Jan is a deeply spiritual person and often contemplates things like the nature of love in Christian study groups. Larry left us a mountain of work and the weeks that followed were filled with chainsaws and tractors and busted irrigation pipes. It might have been all too much, had it not been for the help. Jan says all the government support we received makes her so grateful to live in Australia. Church groups and a small army of friends, and their friends, came to spend days cleaning up the farm. Now that they have retired to Townsville, Jan says she bumps into people to this day who say, “Oh I was on your farm after Larry”, and she can’t remember them because of the sheer number who volunteered to help.

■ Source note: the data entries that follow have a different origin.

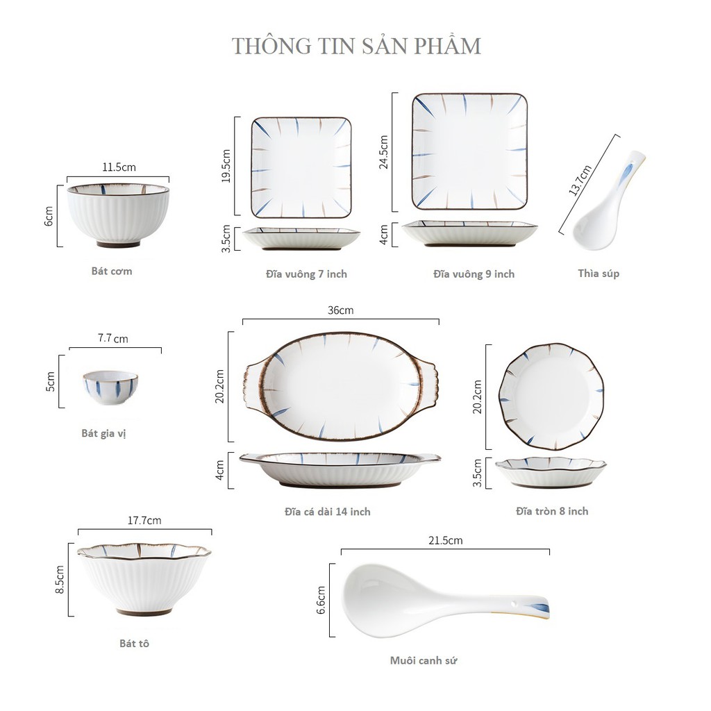 Bát gốm men bóng họa tiết vẽ tay phong cách Nhật.Kích thước các món và số lượng món đều có trong hình mô tả.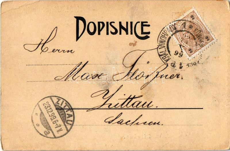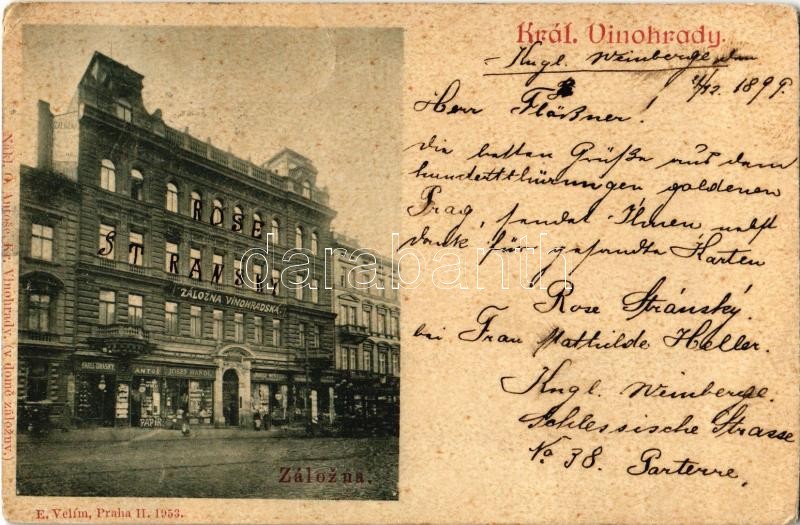 1899 (Vorläufer!) Praha, Prag, Prague; Královské Vinohrady, Zálozna Vinohradská / credit union, shops of Karell Oralsky, Antos, Josef Mandl and Josef Wintera (EK)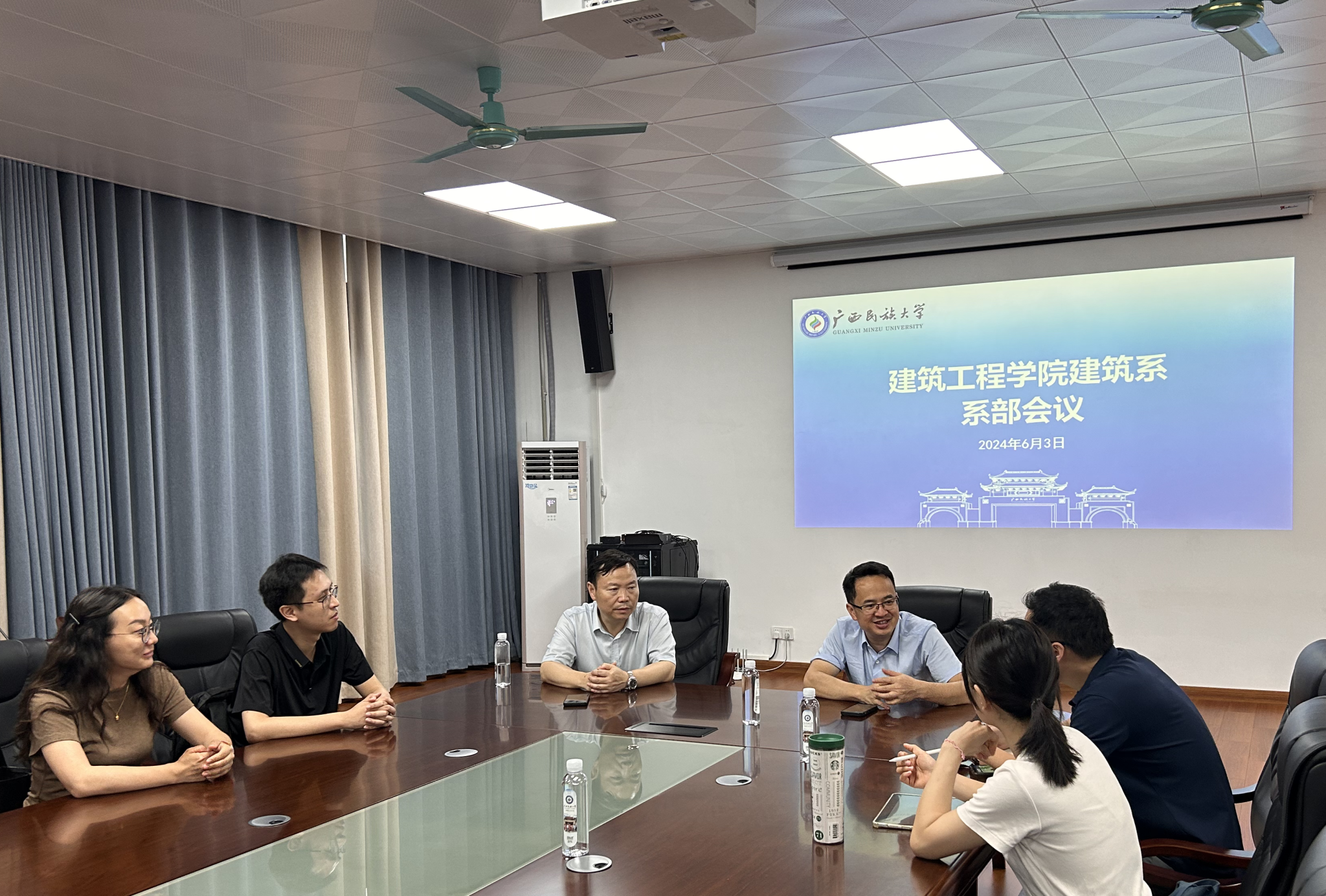 公司建筑学系于6月3日在508会议室组织召开系部会议,此次会议由经理助理何华斌主持,经理覃英宏及系部教师参与会议。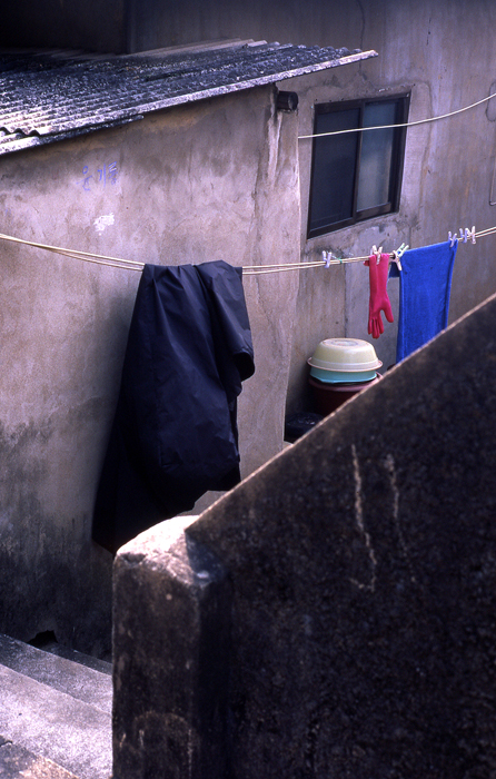 널려있는 우비와 파란 수건과 빨간 고무 장갑... 아마 봄맞이 대청소를 했나 봅니다. 깨끗한 느낌의 사진입니다.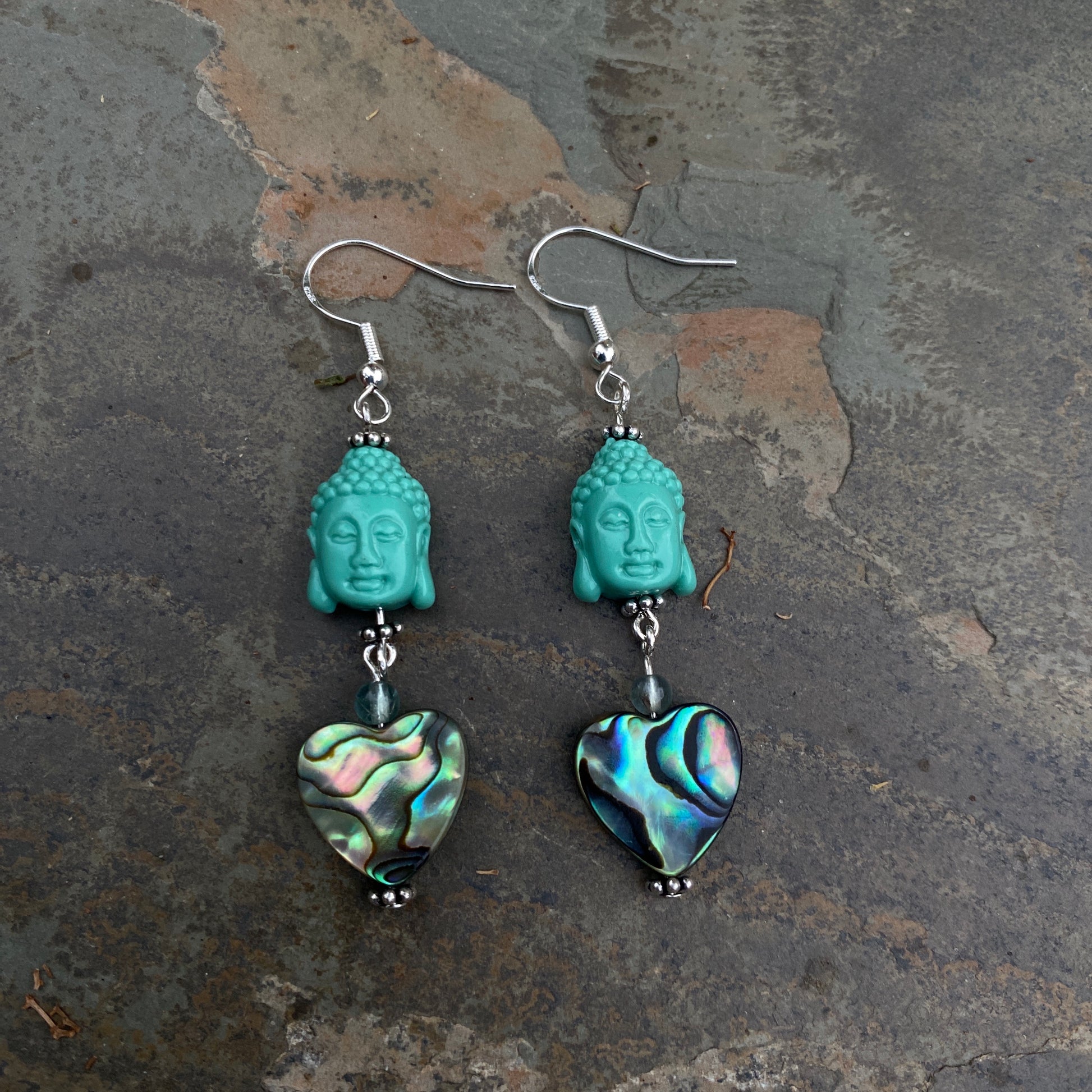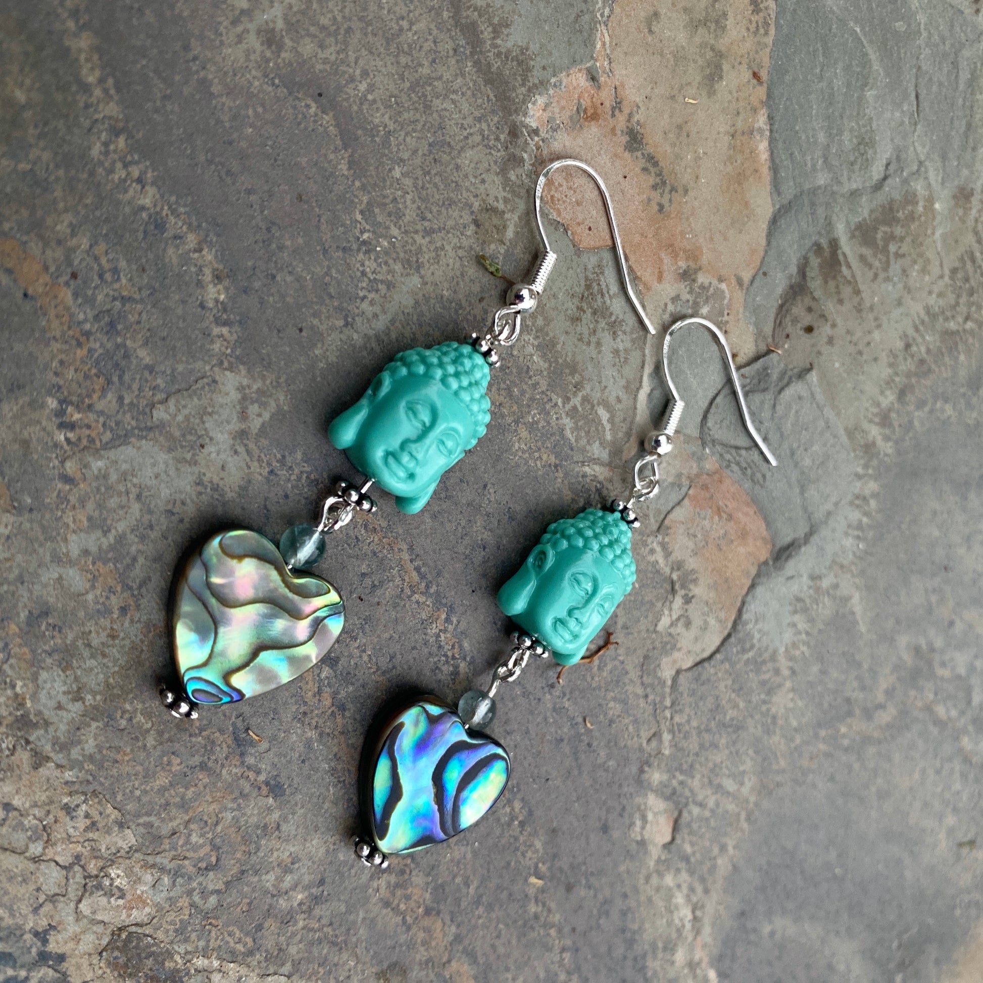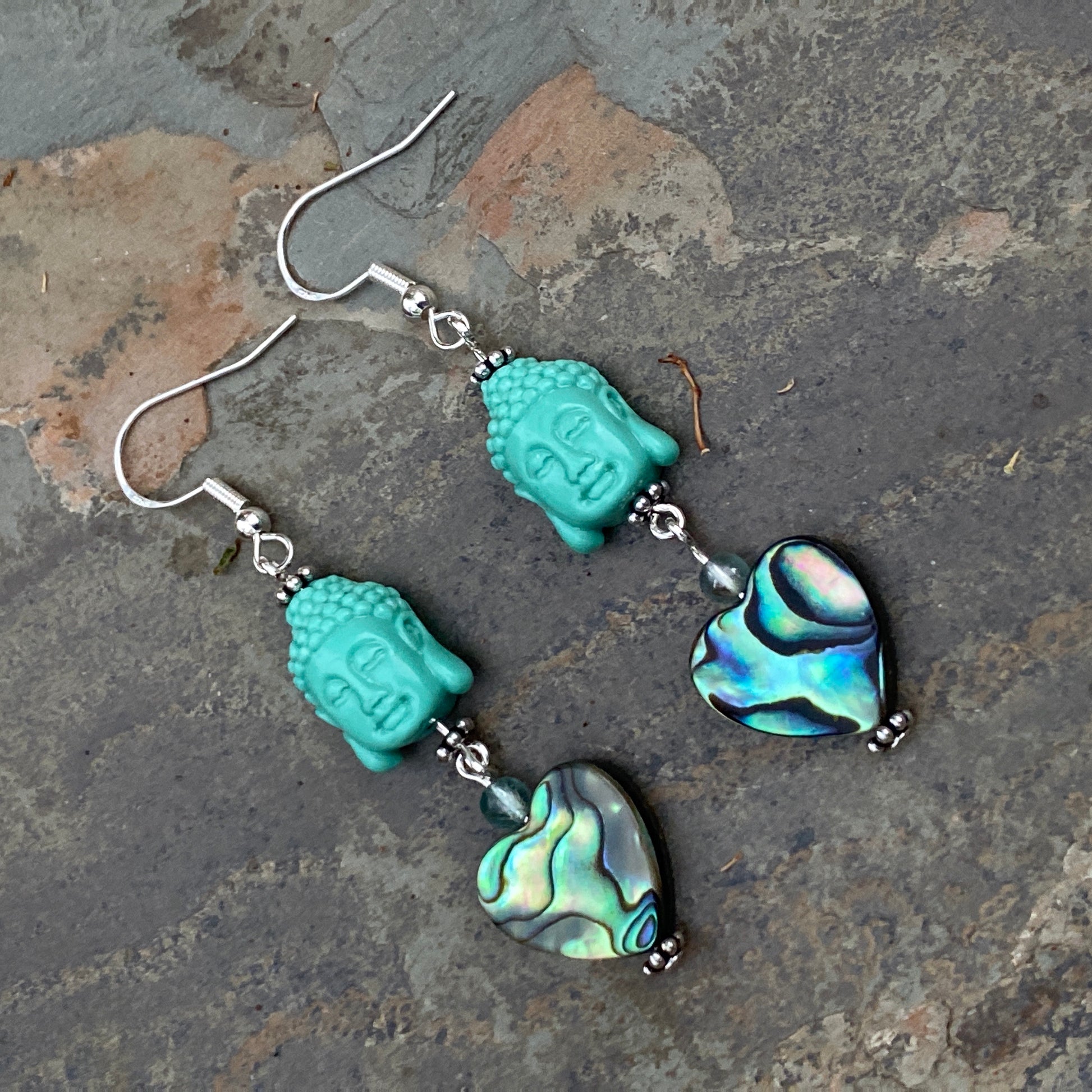 Coral Buddha Heads Abalone Heart sterling silver earrings

One man she can’t forget is Richard. Richard was a bushie who came up from New South Wales in his motor home with his new dog. The skinned tail of his old dog was wrapped around his akubra as a hatband. But Jan remembers him because he was a total stranger who came unannounced and worked beside us tirelessly for months without ever asking for payment in return.

All cyclones are different and Alfred, if it hits us in Brisbane and Redcliffe, will not be nearly as intense a storm as Larry. But where the latter struck small towns and farms in a place where people are so used to cyclones they still hold their festivals the day before a category 5 is forecast to hit, the winds, waves and floods Alfred could bring might affect millions of people in a part of the state where cyclones are such rarities evacuation centres aren’t even cyclone-rated.

If and when Alfred hits, hopefully people are cared for like we were after Larry and, despite it all, left with a memory to laugh at years later like mine of Rodney and the drunken parrot.

“We often talk about: when did you feel the most love? Or most cared for?,” Jan says.

“And it’s always Cyclone Larry. Always, for me.”